Now hear me discourse on the course of medical treatment to be adopted in the case of one over-powered with smoke. Emetics in the shape of clarified butter mixed with sugarcane juice or milk saturated with the juice of grapes, or lumps of sugar-candy dissolved in an adequate quantity of water, or any acid potion slightly sweetened, should be administered to the patient. The contents of the stomach are speedily discharged by vomiting; the distension of the abdomen is removed; the smell of smoke in the breath is mitigated, and the accompanying fever with (its concomitants) of sneezing, languor, thirst, cough, laboured breathing etc. is abated, and the patient is restored to consciousness. Gargles having a sweet, saline, acid or pungent (katu) taste restore the sense-perception of the patient, and gladden his mind. Medicated snuffs in adequate quantities should be administered by a well-read physician to such a patient, whereby his head, eyes and neck would be able to resume their normal functions. And a course of diet, which is light, emollient and not acid in its reaction, should be prescribed. 22

उष्णवातातपैर्दग्धे शीतः कार्यो विधिः सदा । शीतवर्षानिलैर्दग्ध उष्णं स्निग्धञ्च शस्यते ।

तथातितेजसा दग्धे सिद्धिर्नास्ति कथञ्चन ।। २३ ।।

Cooling measures or application should be prescribed or made in the event of any part of the body being scorched by excessive heat, or by being exposed to a draught of hot and parched wind.
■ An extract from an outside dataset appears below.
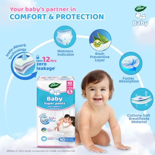 • Natural Skin Protection – Dabur Baby Super Pants is a natural skin protection diaper exclusively made for your babyâ€s sensitive skin

Similarly, hot and emollient measures of applications should be resorted to where any part of the body has become frozen or shrivelled by snow or cold winds. A person struck by lightning should be regarded as beyond the pale of medicine. 23

इति सुश्रुतसंहितायां सूत्रस्थानेऽग्निकर्म्मविधिर्नामद्वादशोऽध्यायः ॥१५॥

Thus ends the twelth Chapter of the Sutrasthana in the Susruta Samhita which treats of Cauteries and the rules to be observed in their use.

1. Additional texts: Where the scorching would be found to be considerably extensive; otherwise such measures as lubrication with medicated unguents etc. should be adopted in a case where the patient is picked up alive.